* Task goal: Return the records from the first line through the line containing "Газовая варочная панель", and leave out the pictures.

* Extracted records:
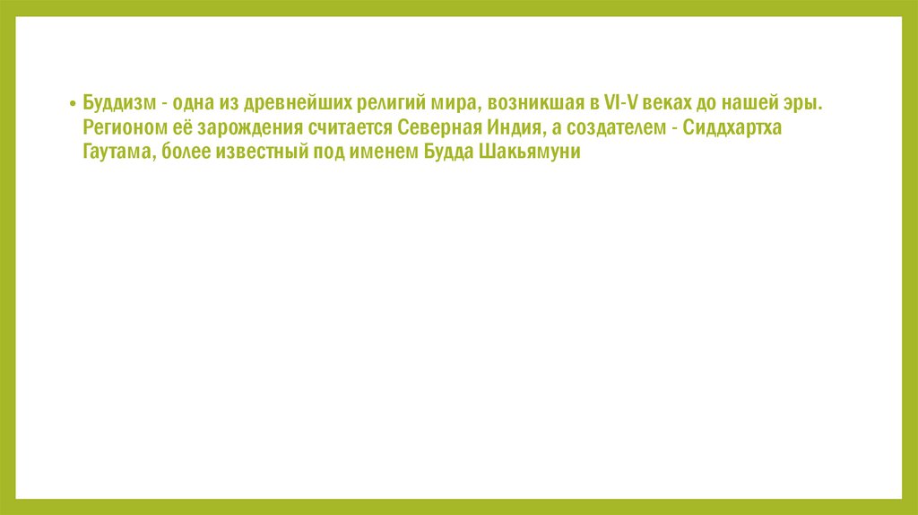 • Буддизм - одна из древнейших религий мира, возникшая в VI-V веках до нашей эры.Регионом её зарождения считается Северная Индия, а создателем - Сиддхартха
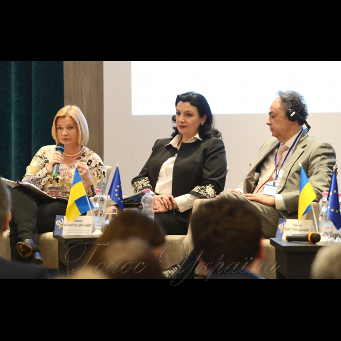 Перший заступник Голови Верховної Ради України Ірина Геращенко, віце-прем'єр-міністр з питань європейської та євроатлантичної інтеграції України Іванна Климпуш-Цинцадзе та Голова Представництва Європейського Союзу в Україні Хюґ Мінґареллі.
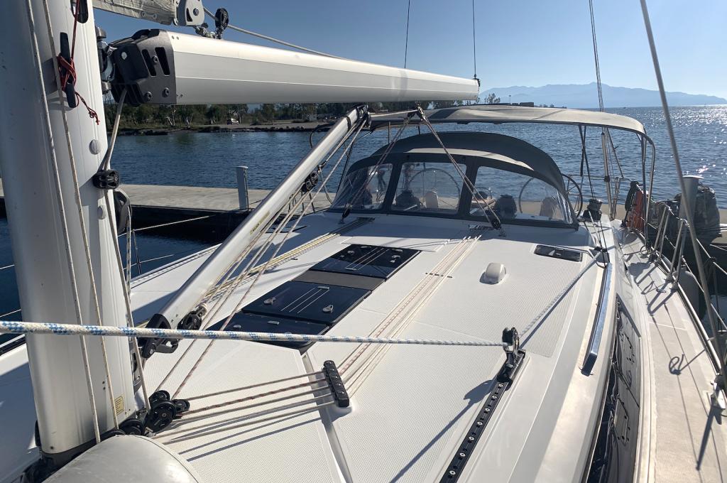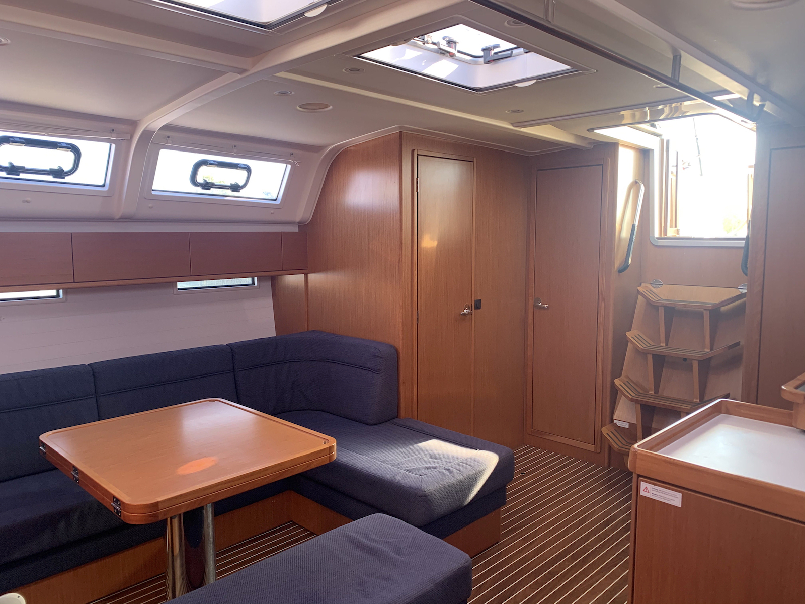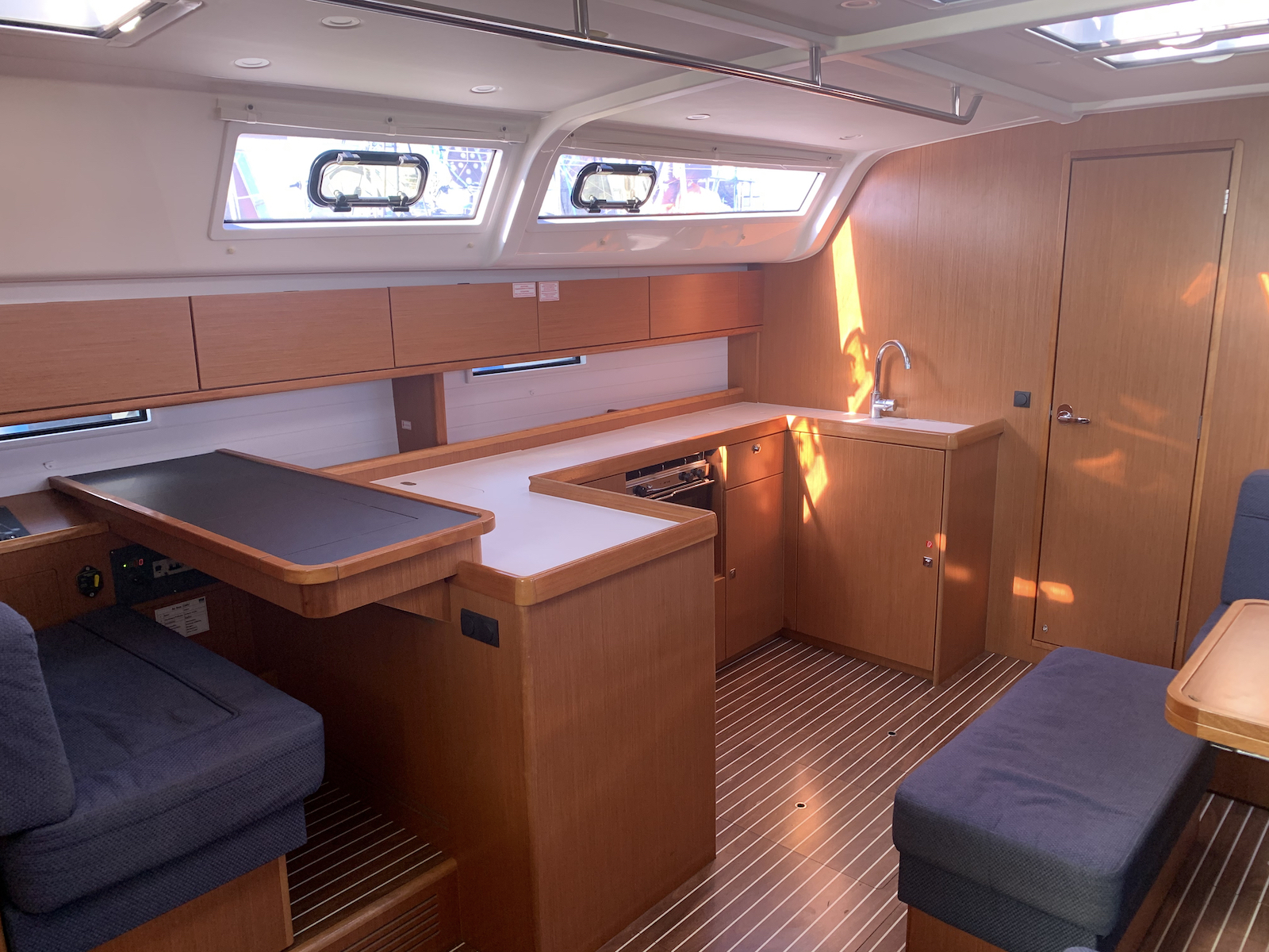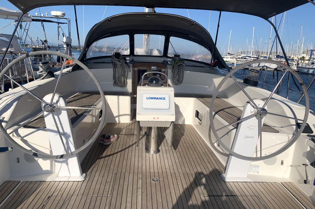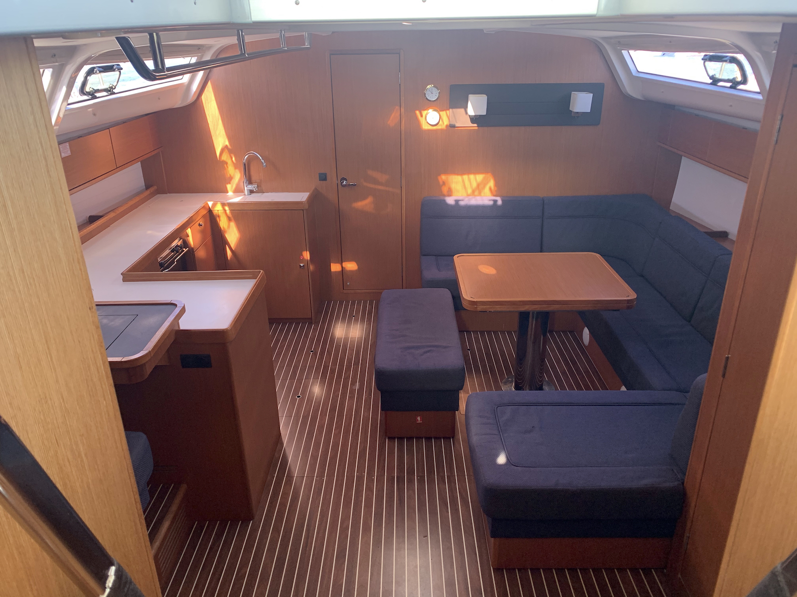 | Outside | Anker mit Kette, Badeleiter, Badeplattform, Biminitop, Cockpitdusche, Cockpitlautsprecher, Cockpittisch, elektr. Ankerwinsch, Fender, Festmacherleinen, Solaranlage, Sprayhood, Teak im Cockpit |
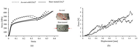 Two as-cast and heat-treated solid samples each were tested under uni-axial compression. The resulting engineering stress-strain curves are shown in Figure 6a. Brittle deformation was observed for the as-cast solid alloy with signs of macroscopic shear bands (dashed lines in Figure 6) at approximately 45° relative to the loading direction. In contrast, the heat-treated solid samples show a much more ductile deformation with pronounced barreling during compression (see arrows). Moreover, surface cracks are visible on the heat-treated sample, likely due to tensile stresses associated with the barreling. Thermal treatment decreased the proof stress from about 360 MPa (as-cast) to 280 MPa (heat-treated). At higher strains, a stress drop occurs in the as-cast samples. The stress drop commences at similar strains for both as-cast samples and coincides with the first occurrence of macroscopic shear bands. The findings of [] could be confirmed, i.e., the applied heat treatment alters the deformation mechanism of the ZA 27 solid alloy from brittle to more ductile.
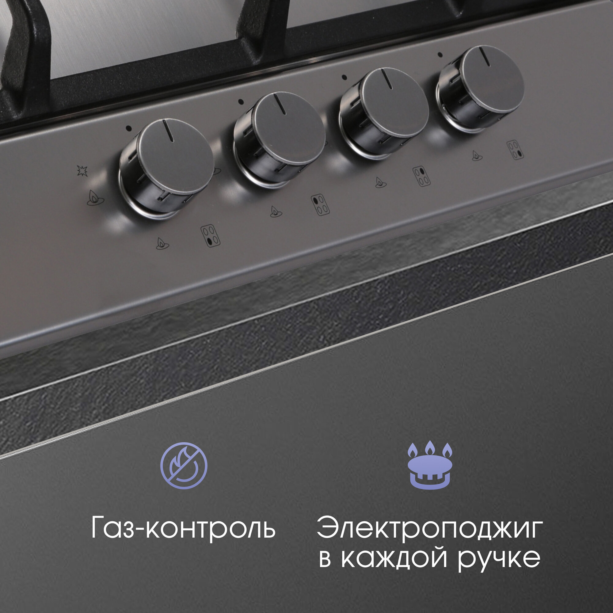 Газовая варочная панель Zigmund & Shtain GN 98.61 S, серебристая, чугунные решетки информация:
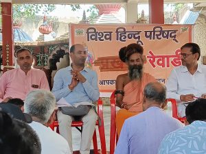 रेवाड़ी, 16 सितम्बर (पवन कुमार)l आज विश्व हिन्दू परिषद् की मासिक जिला बैठक, बाबा भूरानन्द जी की बगीची, कालाका रोड रेवाड़ी पर संपन्न हुई। जो बाबा विजेन्द्रपुरी के सान्निध्य में सम्पन्न हुई, और समापन भी बाबा पुरी के आशीर्वाद के द्वारा ही हुआ। इस बैठक कीअध्यक्षता जिला अध्यक्ष राधेश्याम जी ने की, और मंच संचालन जिला मंत्री परमेश कुमार ने किया। बैठक में आगामी एक महीने के दौरान होने कार्यक्रमों की योजना बनी, और जिम्मेदारियां निश्चित की गई। जिला सहमंत्री मनोज कुमार ने रामायण परीक्षा का विवरण प्रस्तुत किया कि, बच्चों में अच्छे संस्कार डालने हेतु, उनको श्री राम जी सम्बंधित पात्रों और उनके चरित्र से अवगत कराया जाना चाहिए, यह कार्यक्रम प्रान्त स्तर पर आयोजित होगा, जो 07 अक्टूबर को महर्षि बाल्मिकी जयंती के अवसर पर होगा, इस हेतु अधिक से अधिक छात्रों से सम्पर्क करके रामायण परीक्षा का आयोजन किया जाएगा। जिला मंत्री परमेश कुमार ने संगठन की योजना के अनुसार परिषद् की विचारधारा से अधिक से अधिक लोगों को अवगत कराने के लिए, जिले के ग्यारह प्रखंडों में विभिन्न अनुभवी व्यक्तियों को, विस्तारक के रूप में जिम्मेदारियां दी। विभाग मंत्री राजकुमार मुख्य वक्ता के रूप में उपस्थित रहे, और सभी विषयों विस्तार से बताया। इस बैठक प्रान्त टोली सदस्य उपासना गुप्ता, रामप्रसाद करनावास, दुर्गा वाहिनी विभाग संयोजिका रुचि जोशी, जिले संयोजिका किरण पोसवाल, नगर संयोजिका एडवोकेट मोनिका यादव, जिला उपाध्यक्ष नरेन्द्र जोशी, पवन भारद्वाज, बजरंग दल जिला सह संयोजक शिव कुमार चांदनवास, नगर अध्यक्ष राजेन्द्र सिंहल, उपाध्यक्ष शिवकुमार, मोहित गोयल, प्रचार प्रसार प्रमुख श्यामसुंदर, धारूहेड़ा प्रखंड अध्यक्ष जितेन्द्र यादव सहित विभिन्न प्रखंडों के अध्यक्ष मंत्री एवं अन्य कार्यकर्ता भी उपस्थित रहे
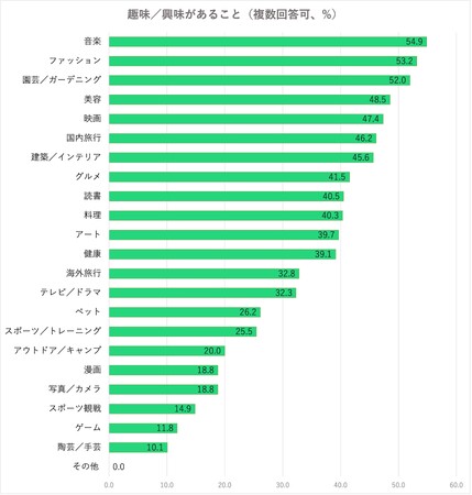 まずはじめに、アンケート回答者全体に対して「趣味・興味があること」について質問したところ、「音楽」が約55%、「ファッション」が約53%、「園芸/ガーデニング」が52%と、上位3項目は回答者の半数以上に当てはまる結果となりました。続く「美容」約49%、「映画」約47%を含めても、アンドプランツ利用者の「園芸/ガーデニング」以外での趣味・興味としては、トレンドやカルチャー、おしゃれに関する事柄が上位を占め、
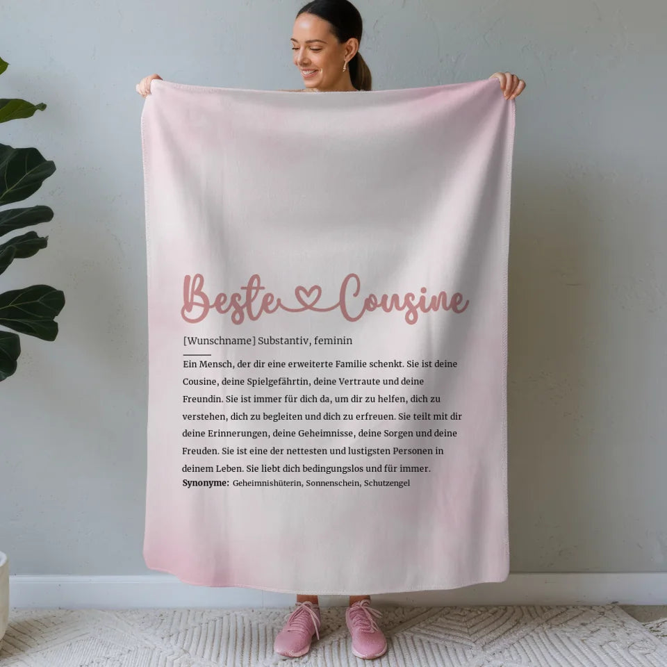 Personalisierte Decke Beste Cousine Herz mit Name Definition
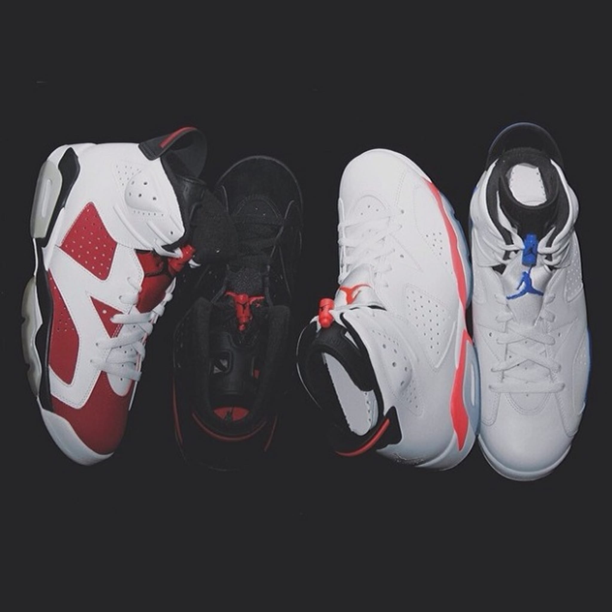 Jordan Brand has already released some Air Jordan VIs this year, and the Carmine VI is set to release this May. With the "Black Infrared" VI rumored to drop on Black Friday, we have something that could be looming as a huge release. A picture surfaced today that shows the never-retroed "Sport Blue" VI in the mix with the aforementoned sneakers. Could this be foreshadowing?
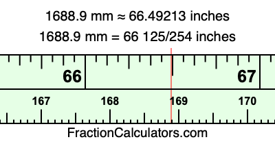 Here is how to convert 1688.9 mm to inches. We will give you the fractional answer, the decimal answer, and illustrate the answer on our tape measure.
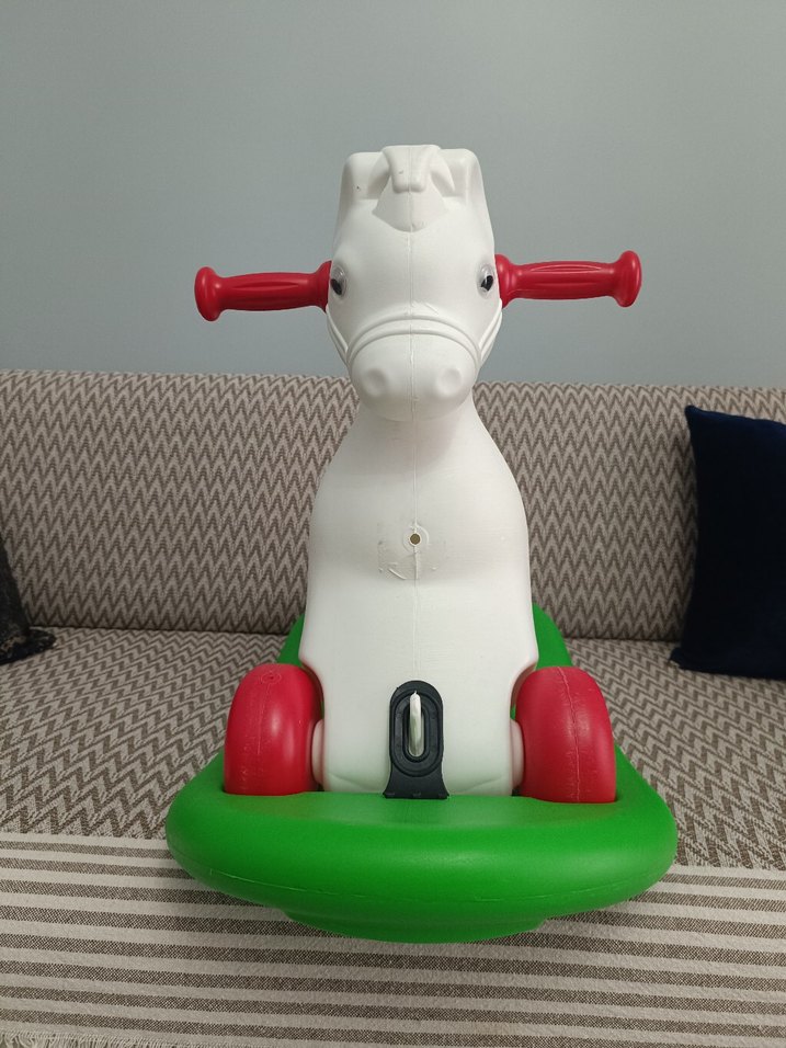 Renkli beyaz at figürlü çocuk oyuncağı, kırmızı tutacaklar ve tekerlekler ile yeşil taban üzerinde oturmak için uygundur. Tertemiz ürün Birkaç ay kullanıldı

* Worked solution:
 • Буддизм - одна из древнейших религий мира, возникшая в VI-V веках до нашей эры.Регионом её зарождения считается Северная Индия, а создателем - Сиддхартха
 Перший заступник Голови Верховної Ради України Ірина Геращенко, віце-прем'єр-міністр з питань європейської та євроатлантичної інтеграції України Іванна Климпуш-Цинцадзе та Голова Представництва Європейського Союзу в Україні Хюґ Мінґареллі.
 | Outside | Anker mit Kette, Badeleiter, Badeplattform, Biminitop, Cockpitdusche, Cockpitlautsprecher, Cockpittisch, elektr. Ankerwinsch, Fender, Festmacherleinen, Solaranlage, Sprayhood, Teak im Cockpit |
 Two as-cast and heat-treated solid samples each were tested under uni-axial compression. The resulting engineering stress-strain curves are shown in Figure 6a. Brittle deformation was observed for the as-cast solid alloy with signs of macroscopic shear bands (dashed lines in Figure 6) at approximately 45° relative to the loading direction. In contrast, the heat-treated solid samples show a much more ductile deformation with pronounced barreling during compression (see arrows). Moreover, surface cracks are visible on the heat-treated sample, likely due to tensile stresses associated with the barreling. Thermal treatment decreased the proof stress from about 360 MPa (as-cast) to 280 MPa (heat-treated). At higher strains, a stress drop occurs in the as-cast samples. The stress drop commences at similar strains for both as-cast samples and coincides with the first occurrence of macroscopic shear bands. The findings of [] could be confirmed, i.e., the applied heat treatment alters the deformation mechanism of the ZA 27 solid alloy from brittle to more ductile.
 Газовая варочная панель Zigmund & Shtain GN 98.61 S, серебристая, чугунные решетки информация:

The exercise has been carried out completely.